Members of the U.S. Civil Guard on duty near the Capitol on Jan. 8
On Thursday, Feb. 4, Republican Rep. Mike Gallagher of Wisconsin announced the advancement of a series of bills aimed at reducing funding incentives for members of Congress, which he says are designed to fulfill former President Trump‘s promise to “drain the swamp.
The Washington Examiner reports that Gallagher’s bill wants to prevent Congress from going into recess without passing a balanced federal budget and prohibit members of Congress and senior executive branch staff from lobbying their work agencies for five years after they leave office. The bill would also terminate members’ publicly funded pensions.
The “five-year lobbying ban” was also an ethics executive order signed by President Trump in 2017, though it was rescinded in the final hours before Biden‘s inauguration, and in a similar last-minute move in 2000, former President Clinton rescinded an executive order that banned his aides from lobbying for five years.
Rep. Gallagher said during the campaign to promote the package that the bill was designed to “drain the swamp,” a slogan former President Trump associated with ending government corruption during his 2016 campaign.
Rep. Gallagher said, “The idea is to lock that ethics commitment into law so the president can’t revoke it at will.”

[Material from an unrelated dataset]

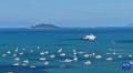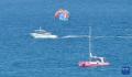 6月24日,众多游艇在海南三亚湾海面上驰骋(无人机照片)。

Gallagher expressed hope that Congress would step in so the president would not feel the need to overuse their executive powers and create the ensuing political chaos.
Gallagher, who won re-election last year in Wisconsin’s 8th Congressional District, said the legislative branch is ill-suited to deal with today’s problems and noted that Congress and the federal government will suffer from low approval ratings. A Gallup poll in early January found that only 11 percent of U.S. adults approve of the way the government is being run.
Gallagher said, “I am increasingly convinced that major structural changes to Congress are necessary if we are going to have a chance to address some of the bigger policy challenges.”